------ DATA SECTION

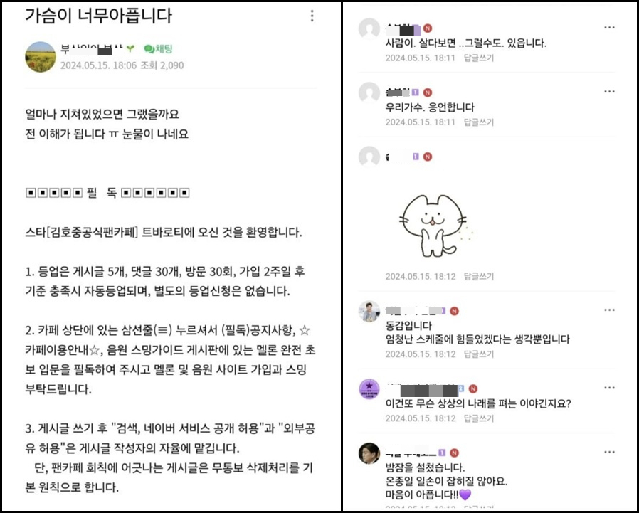 16일 온라인 커뮤니티 등에서는 김호중 공식 팬카페인 '트바로티'에 팬들이 가수를 응원하면서 올린 글이 화제가 되고 있다. 대부분이 응원한다는 댓글들이다.
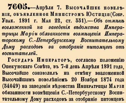 7605. Апреля 7. Высочайшее повеление, объявленное Министром Юстиции, 1891 год.Об отмене возложенной на заведения ведомства Императрицы Марии обязанности возмещения Императорскому С.-Петербургскому Воспитательному Дому расходов за отобрание питомцев от воспитателейГосударь Император, согласно положению Опекунского Совета, в 7-й день апреля 1891 года, Высочайше соизволил на отмену возложенной Высочайшим повелением 20 мНоября 1874 года на заведения ведомства Императрицы Марии обязанности возмещения С.-Петербургскому Воспитательному Дому расходов за отобрание питомцев от воспитателей в тех случаях, когда питомцы отбираются от воспитателей против их желания и не по их вине.
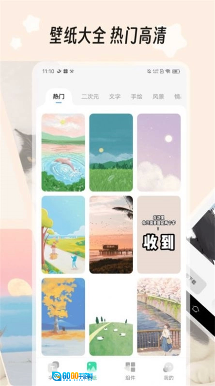 3、挑选心仪的壁纸,涵盖热门、二次元、文学、手绘、风景等各类主题。

------------

WHAT THE TASK REQUIRES » Transcribe the material exactly, and leave out whatever pictures it holds.

ANSWER SECTION »
 16일 온라인 커뮤니티 등에서는 김호중 공식 팬카페인 '트바로티'에 팬들이 가수를 응원하면서 올린 글이 화제가 되고 있다. 대부분이 응원한다는 댓글들이다.
 7605. Апреля 7. Высочайшее повеление, объявленное Министром Юстиции, 1891 год.Об отмене возложенной на заведения ведомства Императрицы Марии обязанности возмещения Императорскому С.-Петербургскому Воспитательному Дому расходов за отобрание питомцев от воспитателейГосударь Император, согласно положению Опекунского Совета, в 7-й день апреля 1891 года, Высочайше соизволил на отмену возложенной Высочайшим повелением 20 мНоября 1874 года на заведения ведомства Императрицы Марии обязанности возмещения С.-Петербургскому Воспитательному Дому расходов за отобрание питомцев от воспитателей в тех случаях, когда питомцы отбираются от воспитателей против их желания и не по их вине.
 3、挑选心仪的壁纸,涵盖热门、二次元、文学、手绘、风景等各类主题。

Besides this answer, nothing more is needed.